Atul Satija
May 20, 2011

OPINION: Smartphone battles in Asia

Atul Satija, VP and managing director for Asia-Pacific at InMobi, reckons Asia is poised to be the next battlefront in the smartphone war.

Atul Satija, VP and managing director for Asia-Pacific at InMobi.
Atul Satija, VP and managing director for Asia-Pacific at InMobi.

Apple and Google are drawing battle lines in the United States, setting the stage for a drawn-out operating system (OS) fight. Apple is counting on devices like the iPad 2 to bolster the iPhone and spread the use of its operating system, iOS, while Google’s open-source Android OS is available on a wider range of devices in many different versions. Microsoft is not standing idly by, as the latest iteration of its Windows Mobile OS is making its presence felt. These three major players are putting pressure on other OSes, and the smartphone war is truly in full swing.

At this point, it is worth considering the situation in Asia. Asia is a much more fragmented market with different countries at different levels of sophistication and technological advancement. Relative to the United States and Europe, Asia is generally lagging in areas such as smartphone uptake and 3G technology, with feature phones still popular in countries with lower per-capita incomes and less developed infrastructure. Yet it is Asian countries that are fuelling growing global demand. According to the International Telecommunication Union (ITU), India and China alone added 300 million new mobile subscriptions in 2010, more than the total mobile subscribers in the United States.

InMobi’s advertising impression data reveals a very interesting situation in Asia. Smartphone penetration is spearheaded by the iPhone, which held 10.6 per cent of the market as of January 2011, making it the number one handset in Asia. Yet Asia remains a Nokia stronghold, like Africa, with the manufacturer's handsets taking up the remaining spots in the top ten. As smartphone penetration increases, Android and iPhone OS continue to quickly capture share (+4.8 per cent share points combined) of mobile ad inventory from the traditional strongholds of Nokia and Symbian OS (51.6 per cent combined share). iOS has an 10.9 per cent share in Asia compared to Android’s share at 5.2 per cent. As far as OSes go, Symbian and Nokia OS still dominate the region.

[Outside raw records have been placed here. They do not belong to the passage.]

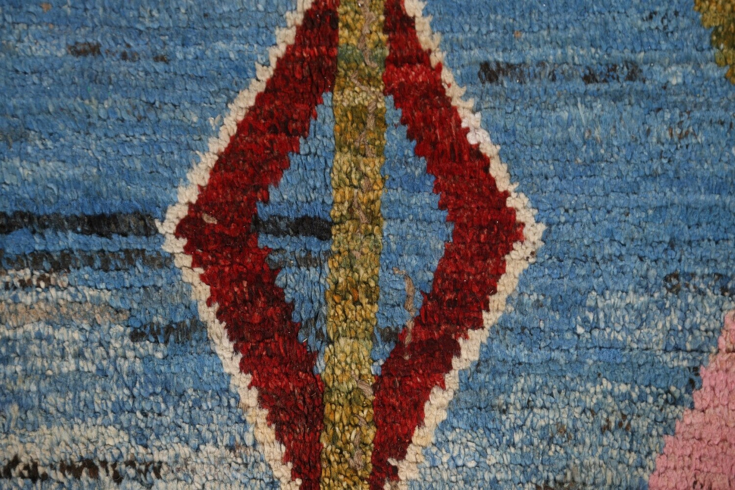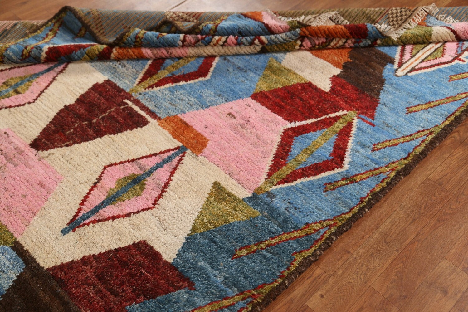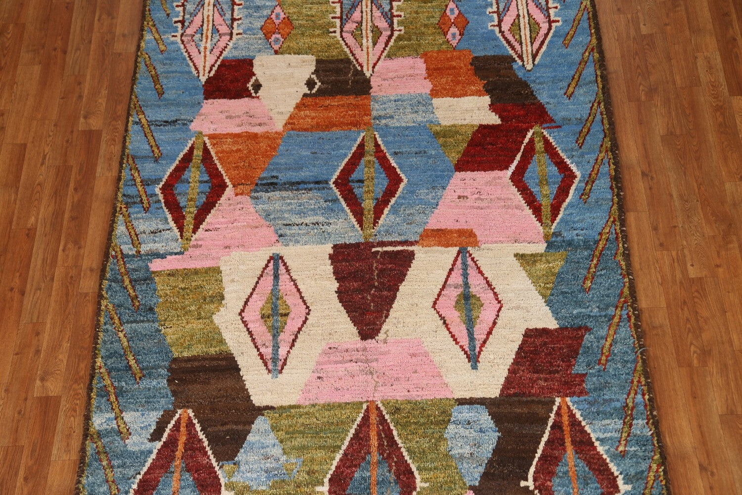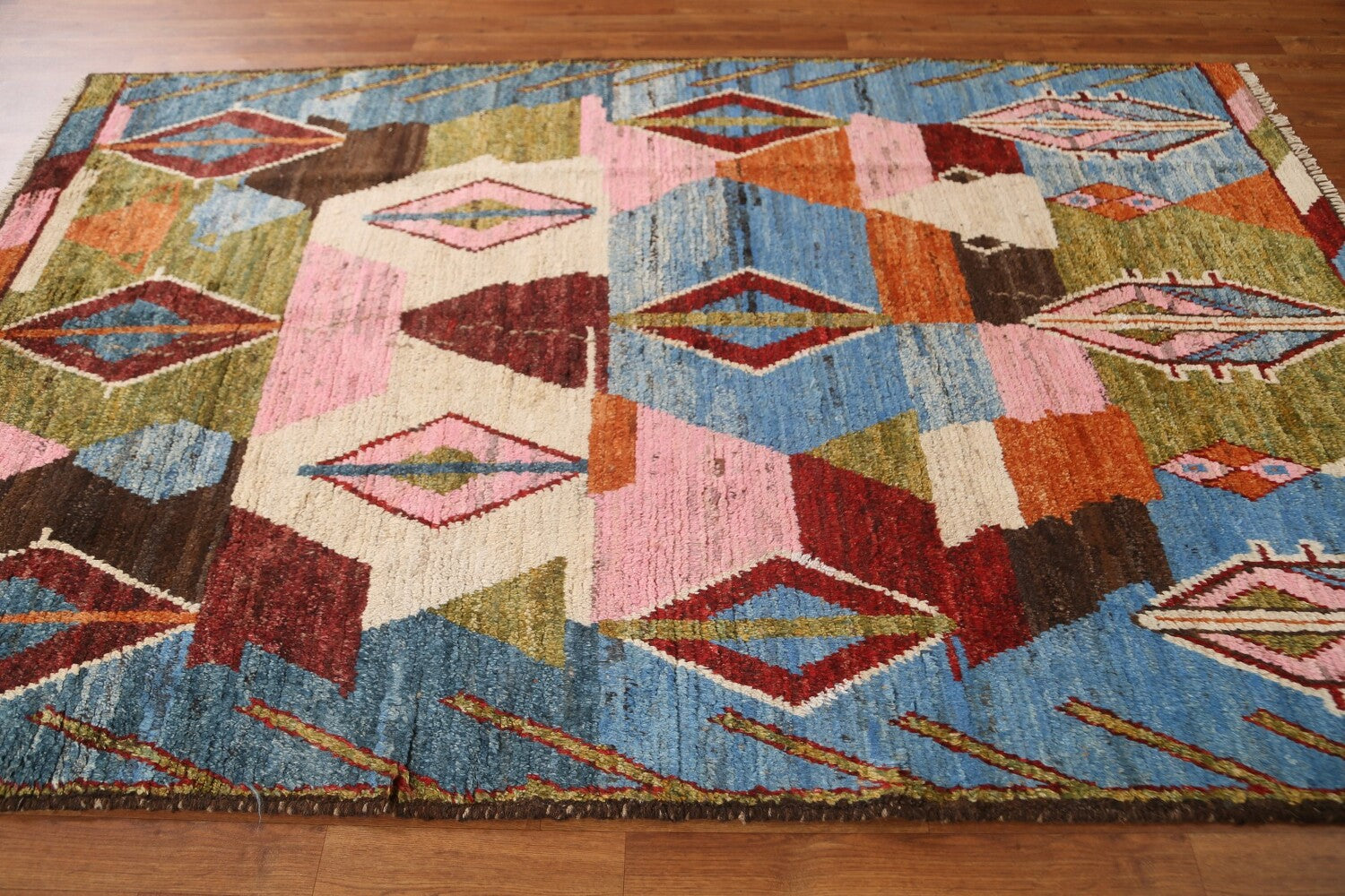 A Beautiful Genuine Pakistan Moroccan rug is Hand Knotted by skillful weavers in Pakistan with 100% Wool Material. This rug is in condition. dimensions are 8' 4'' X 5' 6'' in foot and 254 X 168 in centimeter. the primary color is Navy Blue & Blues.
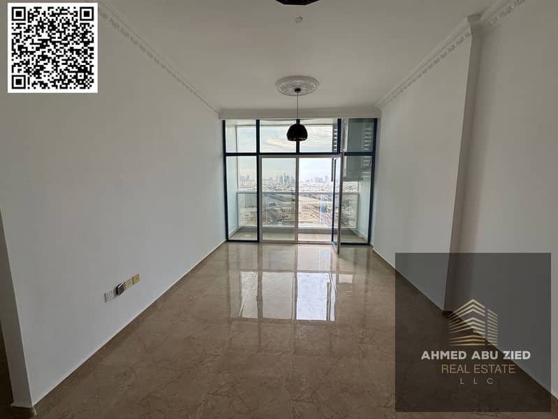 Luxury and spacious one-bedroom apartment with a living room, two bathrooms, central air conditioning, and a balcony with an excellent sea view. Super
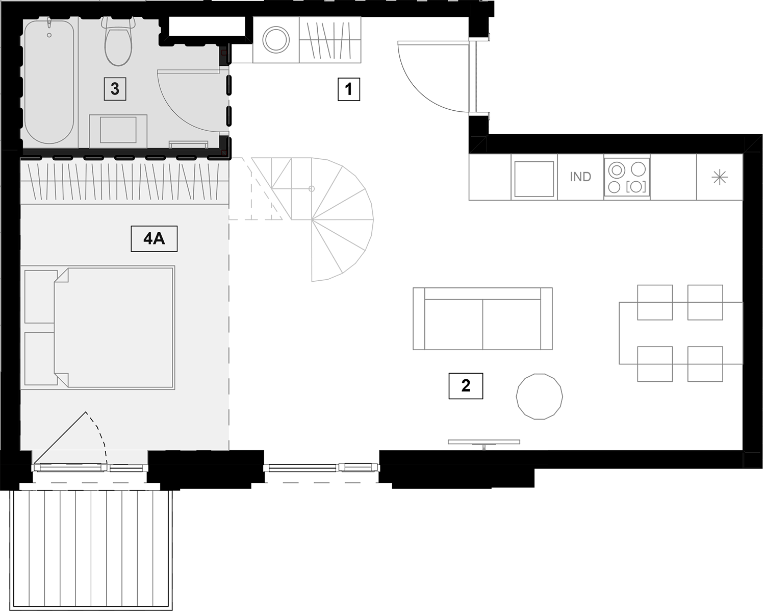 Butai parduodami be pertvarų. Pateikiamas galimo įrengimo pavyzdys.

It’s only a matter of time, however – smartphones primarily drove Asian impression growth on the InMobi network, growing 69 per cent compared to advanced phones which grew by 27 per cent. Smartphones currently represent 23 per cent of the impressions in the region, and the ratio continues to grow. Android's share nearly quadrupled in 90 days, reflecting the multiple manufacturers, price points and its open nature. Android and iPhone OS continue to capture share, although Android has a slightly faster pace. This is reflected by the heightened smartphone gains (1,543 million impressions) between October 2010 and January 2011.

These figures make it clear that iOS and Android are gaining ground in Asia, but still have quite a way to go before they assert the same dominance that they do in other parts of the world. Where Asia is ahead of the rest of the world is in mobile screen mindshare. In Asia, the mobile phone screen is the primary screen for internet use, a fact which will drive Asia to innovate in the mobile space potentially ahead of the world’s most advanced media markets. Still, it looks like the smartphone battles have yet to be fought in Asia.